» DATA FOR THIS TASK:
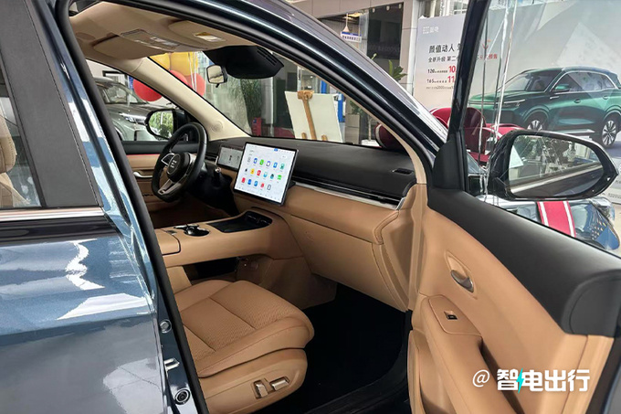 蓝电E5 PLUS车内搭载7英寸液晶仪表与15.6英寸中控屏(入门版为12.3英寸),车机采用HUAWEI HiCar 4.0系统,配备13扬声器音响、50W无线充电板、怀挡、256色氛围灯等。5座车型的第二排腿部空间达到了885mm,7座车型二排座椅可调节至119°的倾斜角度,第二、第三排座椅放倒后,最大容积可扩展至1694L。
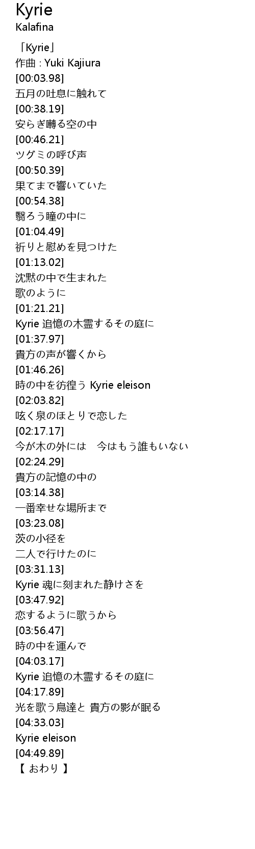 | [00:00.48] | 「Kyrie」 |
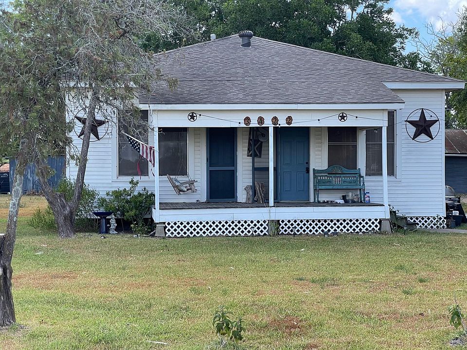 Cute farmhouse style home on 1.5 Acres. Easy access to 59. This home needs some TLC but the possibilities are endless. Back porch has been closed in and hosts an additional half bath as well as lots of space for storage and laundry room. Living area and bedrooms have new laminate flooring and kitchen has been painted and new flooring. Central air and heat were installed 4-5 years ago. Property has two driveways and an rv pad with electrical hook up.
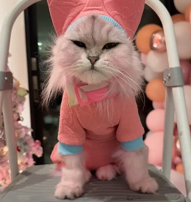 На следующих фотографиях она показала своего питомца с шерстью, окрашенной в пастельно-розовый цвет, одетого в лососевую рубашку с нежно-голубыми деталями.
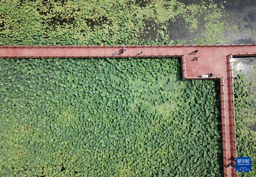 6月21日,在山东省曹县黄河故道国家湿地公园,游客观赏荷花(无人机照片)。
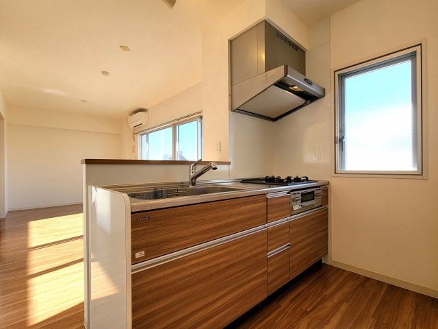 | 設備 | ガス(プロパン)、インターホン(TVモニター付き)、防犯カメラ、ディンプルキー、オートロック、宅配ボックス、専用ゴミ置き場(あり)、駐輪場、日当り良好、2面採光、南向きリビング、角部屋、通風良好、フローリング、全居室フローリング、ベランダ・バルコニー、2面バルコニー、収納スペース、クローゼット、クローゼット数(3)、下駄箱、バス・トイレ別(別室)、シャワー、追い焚き、浴室乾燥機、脱衣所、給湯、温水洗浄便座、ウォームレット、洗面所独立、シャンプードレッサー、洗面所にドア、洗濯機置き場(室内)、コンロ設置済、コンロ口数(3)、コンロ種類(プロパン)、グリル、システムキッチン、カウンターキッチン、対面キッチン、エアコン、エアコン台数(1)、24H換気システム、CATV、インターネット使用料無料 | ||

» WHAT THIS TASK INVOLVES: All of the records above should be reproduced exactly, with the pictures left out.

» ANSWER SECTION:
 蓝电E5 PLUS车内搭载7英寸液晶仪表与15.6英寸中控屏(入门版为12.3英寸),车机采用HUAWEI HiCar 4.0系统,配备13扬声器音响、50W无线充电板、怀挡、256色氛围灯等。5座车型的第二排腿部空间达到了885mm,7座车型二排座椅可调节至119°的倾斜角度,第二、第三排座椅放倒后,最大容积可扩展至1694L。
 | [00:00.48] | 「Kyrie」 |
 Cute farmhouse style home on 1.5 Acres. Easy access to 59. This home needs some TLC but the possibilities are endless. Back porch has been closed in and hosts an additional half bath as well as lots of space for storage and laundry room. Living area and bedrooms have new laminate flooring and kitchen has been painted and new flooring. Central air and heat were installed 4-5 years ago. Property has two driveways and an rv pad with electrical hook up.
 На следующих фотографиях она показала своего питомца с шерстью, окрашенной в пастельно-розовый цвет, одетого в лососевую рубашку с нежно-голубыми деталями.
 6月21日,在山东省曹县黄河故道国家湿地公园,游客观赏荷花(无人机照片)。
 | 設備 | ガス(プロパン)、インターホン(TVモニター付き)、防犯カメラ、ディンプルキー、オートロック、宅配ボックス、専用ゴミ置き場(あり)、駐輪場、日当り良好、2面採光、南向きリビング、角部屋、通風良好、フローリング、全居室フローリング、ベランダ・バルコニー、2面バルコニー、収納スペース、クローゼット、クローゼット数(3)、下駄箱、バス・トイレ別(別室)、シャワー、追い焚き、浴室乾燥機、脱衣所、給湯、温水洗浄便座、ウォームレット、洗面所独立、シャンプードレッサー、洗面所にドア、洗濯機置き場(室内)、コンロ設置済、コンロ口数(3)、コンロ種類(プロパン)、グリル、システムキッチン、カウンターキッチン、対面キッチン、エアコン、エアコン台数(1)、24H換気システム、CATV、インターネット使用料無料 | ||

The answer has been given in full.